Чую, что скоро оставлю вас. Мне тесно с вами. Тебя заместо себя оставлю. Но и ты старайся. Нынче же нехристя притужни, пугни еретика с острова...


Недолго и зажился юродивый у Епифания: еще до морозов сошел с Видань-острова в Великий Устюг, вырыл на краю кладбища нору в земле и возложил на себя добровольную ношу страданий. А Епифаний долго стенал и клял себя за невоздержанность и супротивность, что своей поперечностью и прекословием отогнал Феодора от порога. Вдвоем-то ведь как ладно было коротать ночи! Коли ты занемог, пал духом, молитва на ум нейдет, так другой опять же на страже, вмиг взовопит, подаст голос: де, что без пути лень празднуешь и похоть веселишь?
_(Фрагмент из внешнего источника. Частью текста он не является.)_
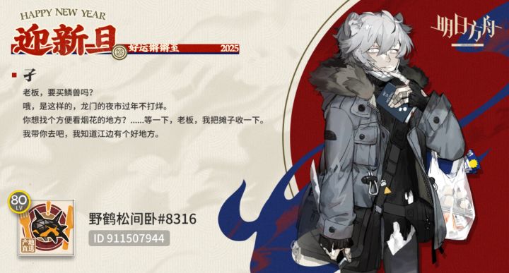 今宵与君共守岁,明朝一道把新迎感觉今年各种东西都意外的多呢像是方舟的新春会竟然有五个之多意外的来我家吃年夜饭的人多出好几个买的游戏还没玩的也存了不少之类的从头到脚的小毛病也不可避免的增加了怎么说呢,一切好像都还不错的样子总之还是多谢在座诸位一年的陪伴和捧场祝各位合成玉年年有余,祝罗德岛岁岁平安吃烫的不得口腔溃疡,吃辣的不长痔疮那就这样,各位回见

Только накоротке призамгнешь очи, и вновь по-за молитвами прольется внезапный ненатужный разговор без чина и порядка, но чего вдруг память схватит из божественного иль над чем душа вскрикнет. В одну из таких ночей и запетушились монахи, запалились, вошли в прю, да в столь крутую, что юрод и утра не стал дожидаться, убрел в темень.

Тогда Епифаний, лежа на конике у порога, чтобы быть поближе к юродивому, вопрошал в приоткрытую дверь на волю: «Како имя древу тому, на нем же обесился Иуда?» – «Сирнахии...» – откликался Феодор; он забрался на полати у стены и, забросив руки за голову, что-то родное, отзывчивое выискивал в звездном небе. «Коего месяца сотвори Бог Адама?» – «Марта месяца в двадцать пятый день». – «Что суть Риза Господня?» – «Восходи исход». – «Что есть стихарь?» – «Седмь небес». – «Что суть патрахель?» – «Патрахель есть железное столпие, на нем же земля плавает». – «Что есть крест Христов?» – «Крест Христов есть чудо и благо», – ответил Феодор. «Нет, – возразил Епифаний, – крест – это путь из ига земного в благо. – Монах разговорился. Много через руки его прошло крестов – придорожных и оветных, часовенных и кладбищенских, до самых простеньких, нательных из липовой досточки. Ведь всяк покрестосовавшийся, принявший веру православную, тем самым водрузил на рамена свои крестную Христову ношу, чтобы повторить путь Спасителя. – Крест Христов трисоставный, от кипариса, певга и кедра устроен. А всего крестов четыре рода, ты можешь того и не знать. Крест Христов осьмиконечный, коему мы поклоняемся, крыж четырехконечный, крест разбойнич пятиконечный с подножием и Петров крест семиконечный без взглавия...»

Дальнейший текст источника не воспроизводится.